**REQUIREMENT:** In the data below, reproduce everything exactly except the images.

**RAW DATA:**

■ ■ ■ ■

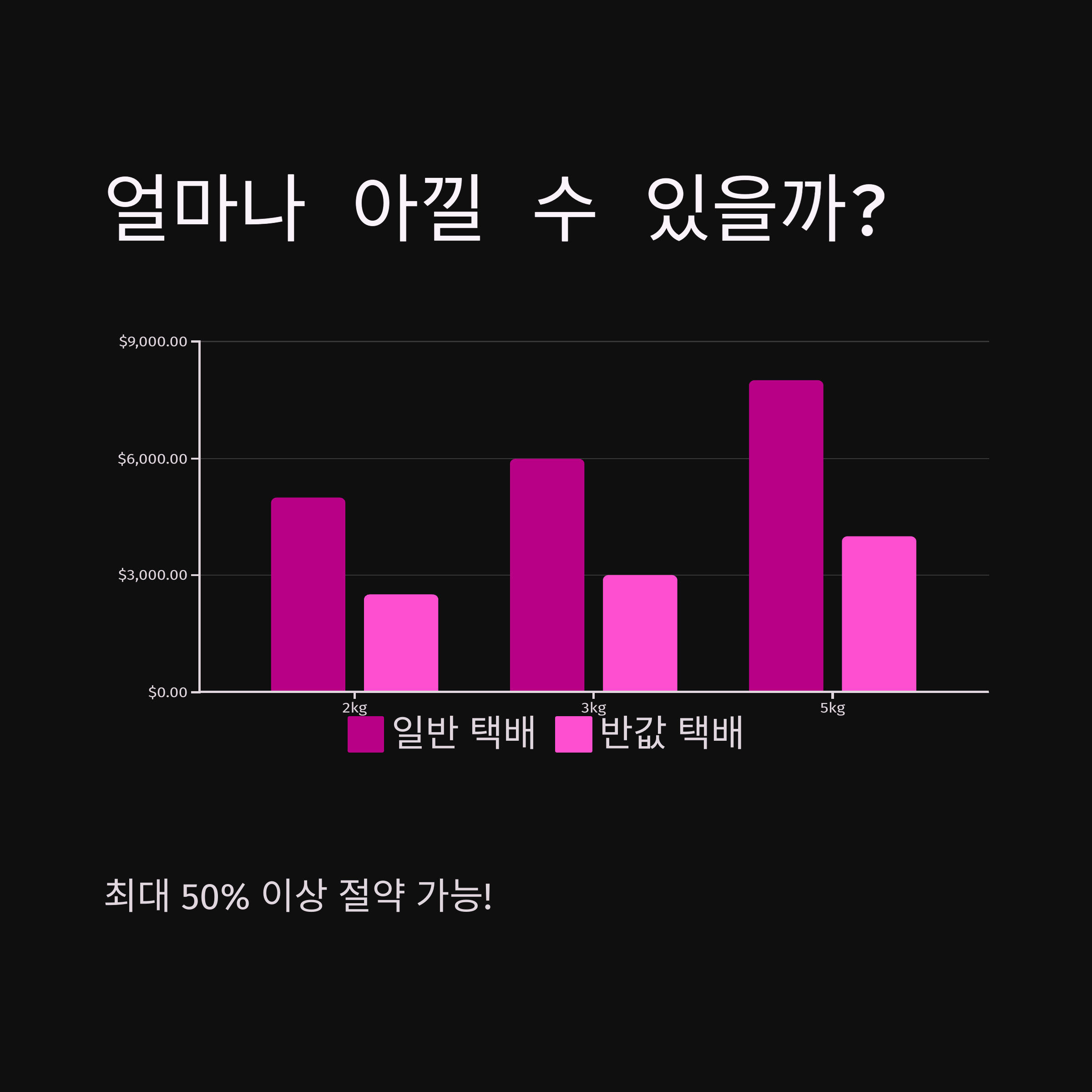 | 3kg 이하의 가벼운 물건 | ✅ 반값 택배 | 저렴한 요금으로 발송 가능 |
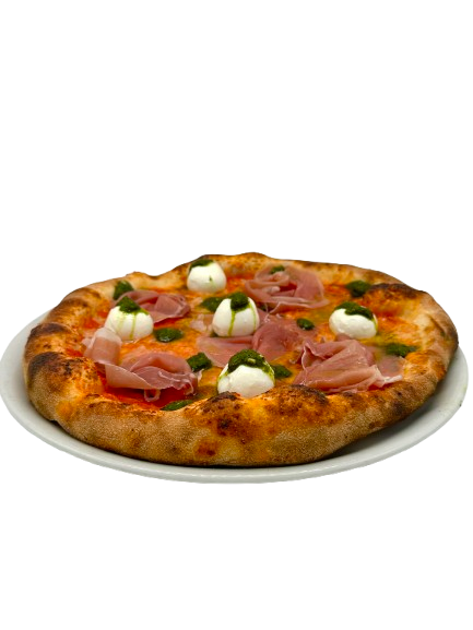 19,50€Tomaten, Mozzarella, San-Daniele Parmaschinken, Büffel-Bocconcini, Basilikum-Pesto
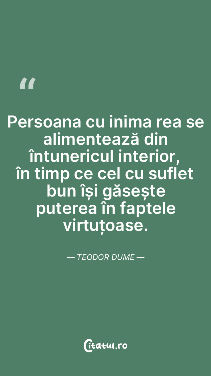 Persoana cu inima rea se alimentează din întunericul interior, în timp ce cel cu suflet bun își găsește puterea în faptele virtuțoase. Teodor Dume
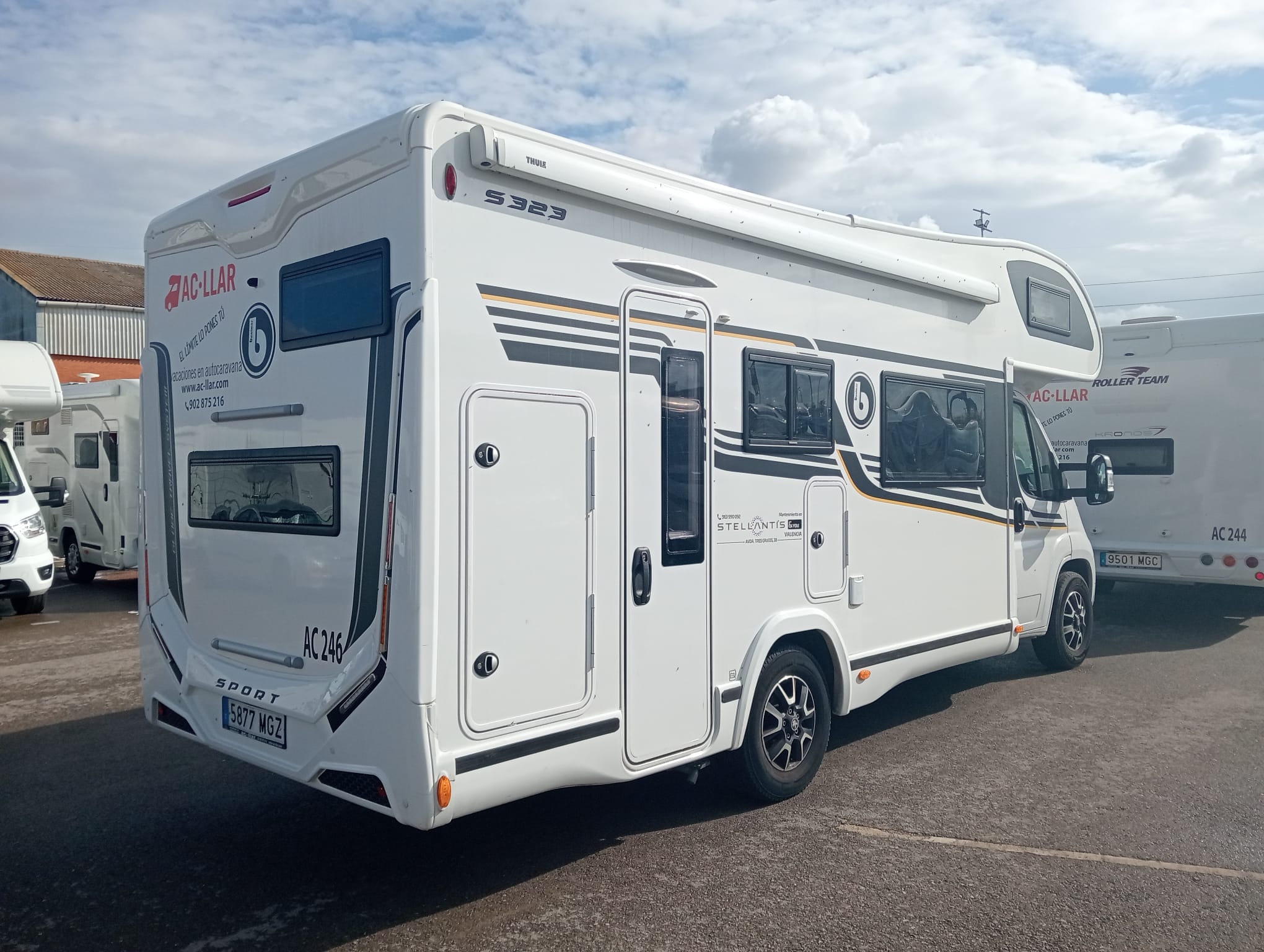 Autocaravana Benimar Sport 323 de ocasión procedente de nuestra flota de alquiler, con garantía AC-LLAR por un año, ideal para familias o grupos que buscan espacio, versatilidad y confort, sin renunciar a maniobrabilidad. Equipada con toldo, panel solar, dos baterías auxiliares, tv + antena, conversor de 300w y retro cámara. ¡Lista para viajar!

■ ■ ■ ■

**WRITTEN ANSWER:**
 | 3kg 이하의 가벼운 물건 | ✅ 반값 택배 | 저렴한 요금으로 발송 가능 |
 19,50€Tomaten, Mozzarella, San-Daniele Parmaschinken, Büffel-Bocconcini, Basilikum-Pesto
 Persoana cu inima rea se alimentează din întunericul interior, în timp ce cel cu suflet bun își găsește puterea în faptele virtuțoase. Teodor Dume
 Autocaravana Benimar Sport 323 de ocasión procedente de nuestra flota de alquiler, con garantía AC-LLAR por un año, ideal para familias o grupos que buscan espacio, versatilidad y confort, sin renunciar a maniobrabilidad. Equipada con toldo, panel solar, dos baterías auxiliares, tv + antena, conversor de 300w y retro cámara. ¡Lista para viajar!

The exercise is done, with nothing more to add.